# Will India win today ? (2nd Final)



## Gigacore (Mar 4, 2008)

2nd Final  

Hope we will win


----------



## Rockstar11 (Mar 4, 2008)

*gigasmilies.googlepages.com/111.gifOYE! chak de India*gigasmilies.googlepages.com/36.gif


----------



## sachin_kothari (Mar 4, 2008)

should win


----------



## Gigacore (Mar 4, 2008)

^ must win


----------



## SunnyChahal (Mar 4, 2008)

^^
37-0 in 10.2 overs.Trying to see off the new ball

maybe Sachin will clobber Hogg like he does in every match.


----------



## abhijit_reddevil (Mar 4, 2008)

Hogg thinks that he is the next Shane Warne.  I am getting tired of him pretending to bowl chinamans and also frustrated with his twisted tongue while bowling.. Let's hope Sachin clobbers him for 70-80 runs from his 10 overs in his final ODI.

Latest score: 41/0 11 overs.


----------



## New (Mar 4, 2008)

India 63 in 14 overs.Sachin always rocks....


----------



## ThinkFree (Mar 4, 2008)

Sunny1211993 said:


> ^^
> ....................... Sachin will clobber Hogg like he does in every match.



Is Hogg playing?

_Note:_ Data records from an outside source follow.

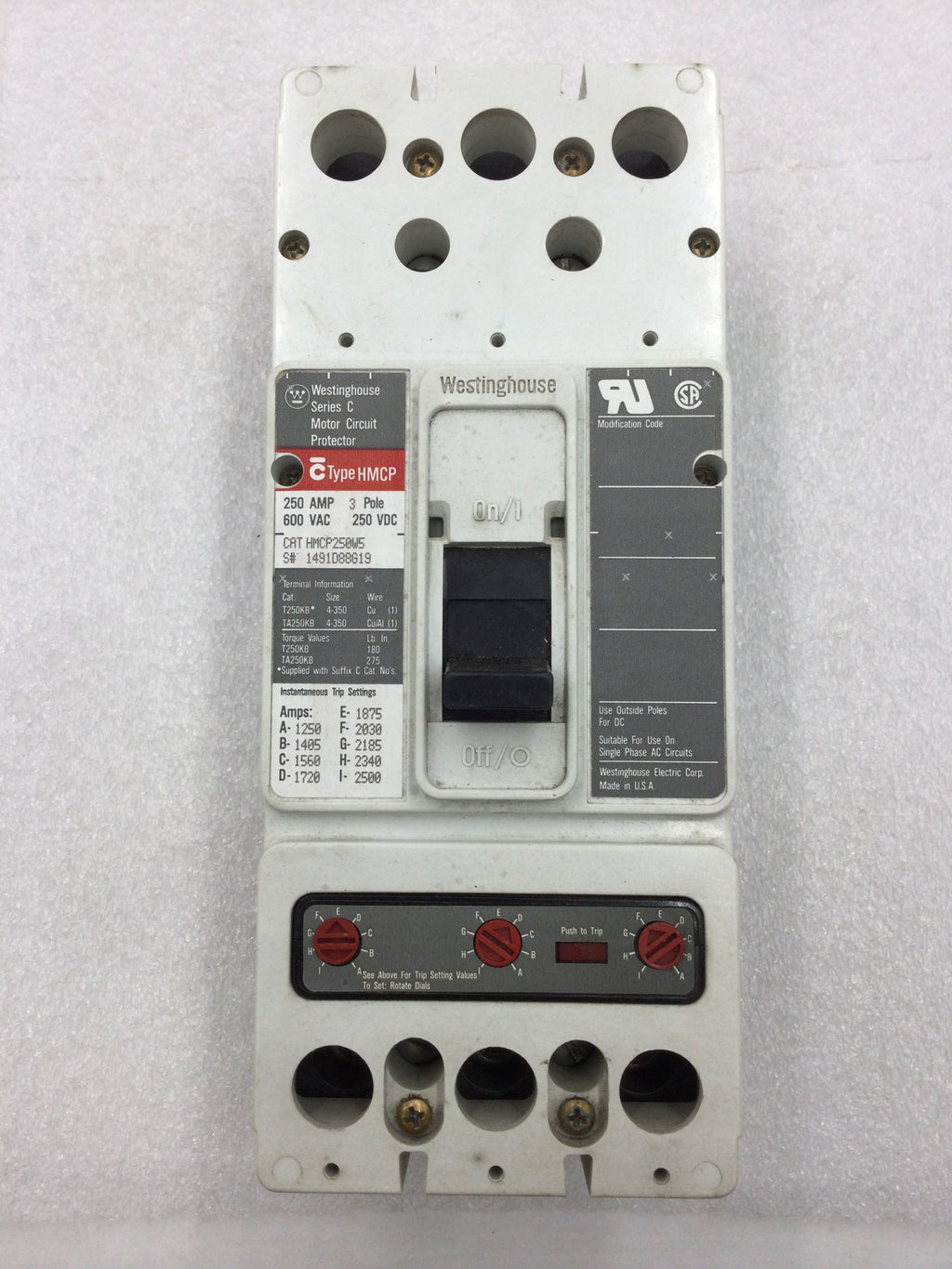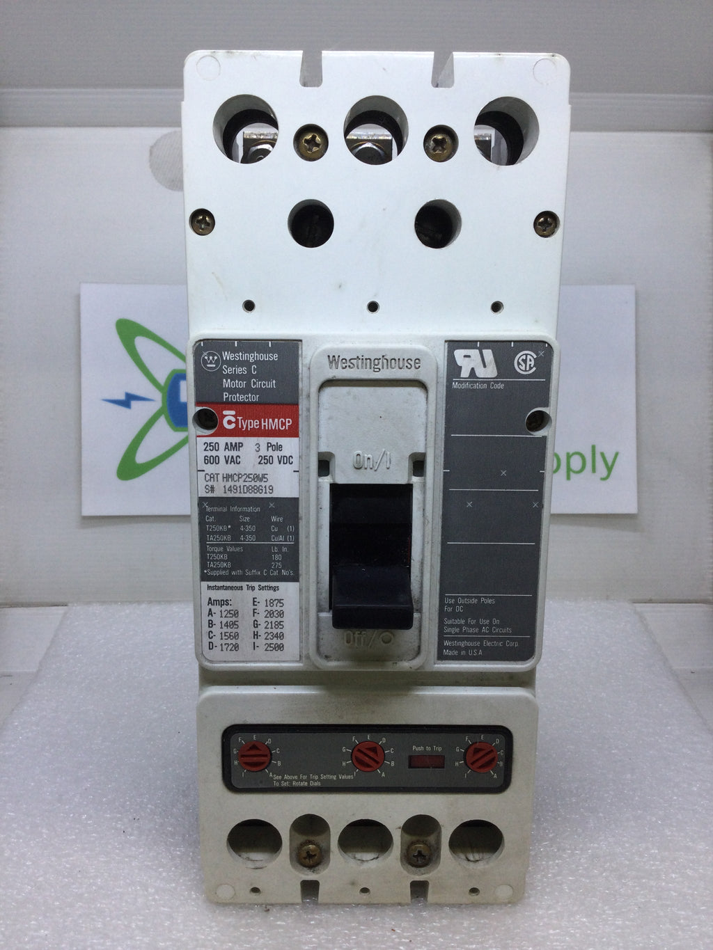 Westinghouse HMCP250W5 250 Amp 600 VAC/250 VDC 3 Pole Circuit Breaker with Shunt Trip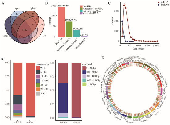 Identification of lncRNAs in goat muscles. (A) Prediction method Venn diagram. (B) Sta-tistics of the number of four different types of lncRNAs. (C) ORF length distribution of mRNA and lncRNA. (D) Statistical of exon number and length. (E) Distribution of the identified lncRNA and mRNA in the chromosome.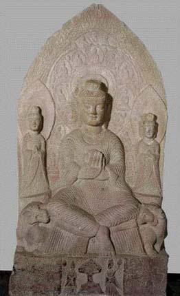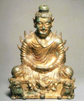 陆探微(生卒年岁不详),吴(今江苏苏州)人,活动时期是在刘宋文帝至明帝期间(公元四二四—四七一年),与云冈开窟时间(公元四六○年以後)约略相当。他对中国佛教绘画发展的主要贡献,是在更大程度上完成了由其师顾恺之开创的清癯秀朗佛教人物造型的风格化。张彦远说他笔下的人物“秀骨清像,似觉生动,令人懔懔若对神明”(《历代名画记》)。这其实是那个时代审美理想有代表性的人物造型,以长脸细颈、清瘦体型为特征,爽利的清癯身躯闪烁着聪慧智巧之光,体现出对婉雅俊逸超脱洒落的心理追求。陆作佛画,移书法的用笔于画法,笔迹劲利如锥刀。行笔紧细,连绵相属,气脉不断,被称为“一笔画”。曾作《维摩图》、甘露寺壁画《菩萨》等。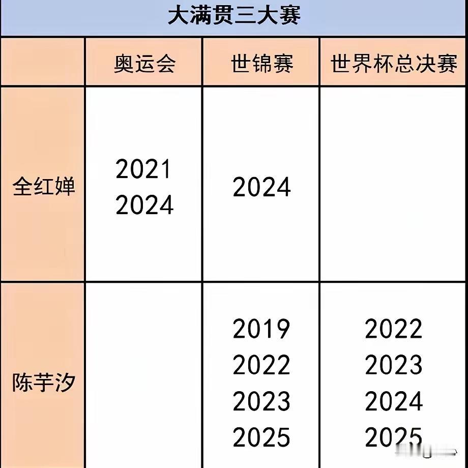 陈芋汐差一个奥运单人冠军就大满贯了!全红婵也还差一个世界杯,也实现大满贯。 通常来说,大满贯指的是奥运会,世锦赛和世界杯三大赛事,亚运会全运会不算。 天才要感谢老周,力挺你去东京奥运上场,获得金牌 婵妹16岁时就大满贯,而且还有个466.2的奥运最高得分记录 跳水这个项目,含金量最高的是奥运会冠军,其次全运会冠军,然后才是世锦赛,其它都不咋的 陈芋汐差一个奥运单人冠军就大满贯了!全红婵也还差一个世界杯,也实现大满贯。 通常来说,大满贯指的是奥运会,世锦赛和世界杯三大赛事,亚运会全运会不算。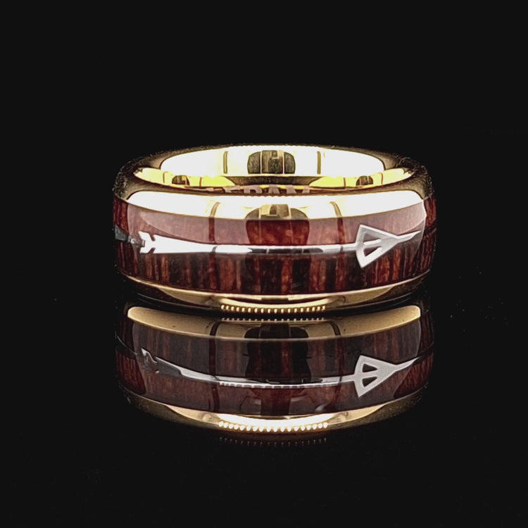 This 8mm wide ring is twin inlaid with genuine Hawaiian Koa wood separated by a Silver Arrow. Since we use real wood the pattern changes slightly for each ring. The wood inlay is protected by our clearcoat Ring Armour™ to protect it from moisture and damage. The 'Robin' is a classy ring fit for any occasion yet tough enough for everyday wear and the perfect conversation starter.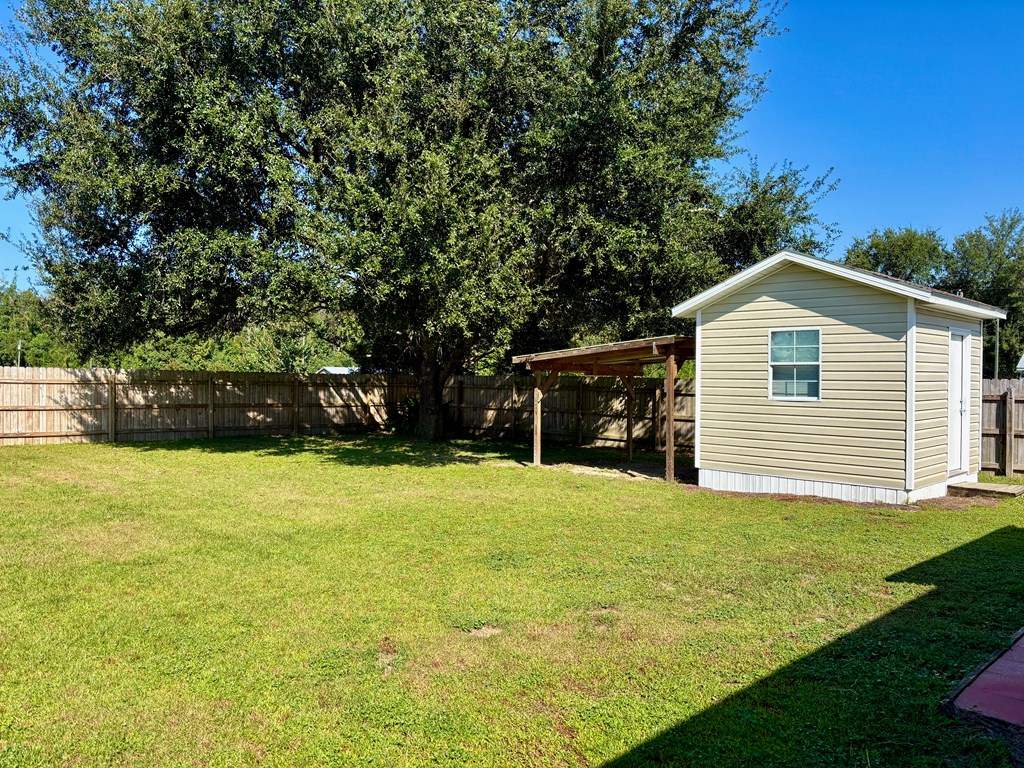 Move-In Ready in Oak Gardens Subdivision! This beautifully maintained 4 bedrooms, 2 bath home offers the perfect combination of comfort, convenience, and modern upgrades. Located in the desirable Oak Gardens neighborhood of Wewahitchka, you will be minutes from schools, shopping, Lake Alice Park, Ace Hardware, and multiple boat launches, plus just 25–30 minutes to the white sandy beaches and downtown Port St. Joe. Step inside to an open floor plan with split bedrooms, creating both privacy and functionality. The spacious master suite boasts vaulted ceilings, a walk-in closet, and a private bath, your own serene retreat. The living room features new flooring (2025), while the guest bedrooms are freshly painted and carpeted for a clean, inviting feel. The kitchen is a chef's delight, with abundant cabinetry, ample counter space for meal prep, a breakfast bar, and modern appliances including dishwasher, microwave, electric stove, and refrigerator with water/ice dispenser. Enjoy the outdoors in your fenced backyard with a new shed/workshop (2023), perfect for storage, hobbies, or projects. Notable Updates & Features: New roof (2019), Dishwasher replaced (2021), Stove replaced (2023), Hot water heater replaced (2022), AC condenser replaced (2024), Back door replaced (2025), Freshly cleaned & painted throughout, X Flood Zone, no flood insurance required. Whether you are a first-time homebuyer or looking for a comfortable family home, this residence blends modern updates with timeless appeal. Don't miss the chance to make it yours. Check out the 3D tour today!

He has been replaced by Clark


----------



## Gigacore (Mar 4, 2008)

yeah, his tongue will stays always out, just like a dog 

He is not the next shane warne coz he has announced retirement *www.rediff.com/cricket/2008/feb/27hogg.htm

*news.bbc.co.uk/sol/shared/spl/hi/cricket/02/ashes/squads/img/hogg.jpg *www.pet-comfort-products.com/images/dog-happy-01.jpg


----------



## CadCrazy (Mar 4, 2008)

India will definately win today. Koe Shak


----------



## SunnyChahal (Mar 4, 2008)

CadCrazy said:


> Koe Shak


NO SIR hehe


----------



## Rockstar11 (Mar 4, 2008)

Gigacore said:


> yeah, his tongue will stays always out, just like a dog
> 
> He is not the next shane warne coz he has announced retirement *www.rediff.com/cricket/2008/feb/27hogg.htm
> 
> *news.bbc.co.uk/sol/shared/spl/hi/cricket/02/ashes/squads/img/hogg.jpg *www.pet-comfort-products.com/images/dog-happy-01.jpg


----------



## CadCrazy (Mar 4, 2008)

Sunny1211993 said:


> NO SIR hehe



Thats like a good boy


----------



## Rockstar11 (Mar 4, 2008)

score???


----------



## ThinkFree (Mar 4, 2008)

India 85-0
Sachin 50 
Uthappa 28


----------



## Gigacore (Mar 4, 2008)

Rockstar11 said:


> score???



*ws-4.willow.tv/EventMgmt/CXTVWeb/IndexGScore.asp?mid=944


----------



## ThinkFree (Mar 4, 2008)

^^Better visit *content-www.cricinfo.com/cbs/engine/current/match/291372.html as it is updated earlier as this site is owned by ESPN-star


----------



## Rockstar11 (Mar 4, 2008)

thanks you gigacore and asnvin


----------



## SunnyChahal (Mar 4, 2008)

Uthappa gone!!


----------



## Gigacore (Mar 4, 2008)

gambhir gone *gigasmilies.googlepages.com/47.gif


----------



## Rockstar11 (Mar 4, 2008)

Yuvraj gone *gigasmilies.googlepages.com/22.gif


----------



## RaghuKL (Mar 4, 2008)

yuvraj gone 
*jokecricket.blogspot.com/2008/01/monkey-protests.html


----------



## Gigacore (Mar 4, 2008)

^ is that ur blog ? *gigasmilies.googlepages.com/45.gif


----------



## Rockstar11 (Mar 4, 2008)

aila sachin *gigasmilies.googlepages.com/28a.gif out.. 91 *gigasmilies.googlepages.com/30a.gif

India 207/4


----------



## Gigacore (Mar 4, 2008)

90s fear


----------



## RaghuKL (Mar 4, 2008)

Gigacore said:


> ^ is that ur blog ? *gigasmilies.googlepages.com/45.gif


Definitely No


----------



## sachin_kothari (Mar 4, 2008)

another wicket in 90's for tendulkar.
seems he wants to make records everywhere


----------



## Gigacore (Mar 4, 2008)

rohit gone, close this thread *gigasmilies.googlepages.com/14.gif


----------



## sachin_kothari (Mar 4, 2008)

sharma out on 2


----------



## RaghuKL (Mar 4, 2008)

rohit sharma gone...
Has the RD parade of cricketers begun...

1) When an Australian child learns to say the word “Mother” for the first time the parents say “Two cheers. Junior has learnt half a word”.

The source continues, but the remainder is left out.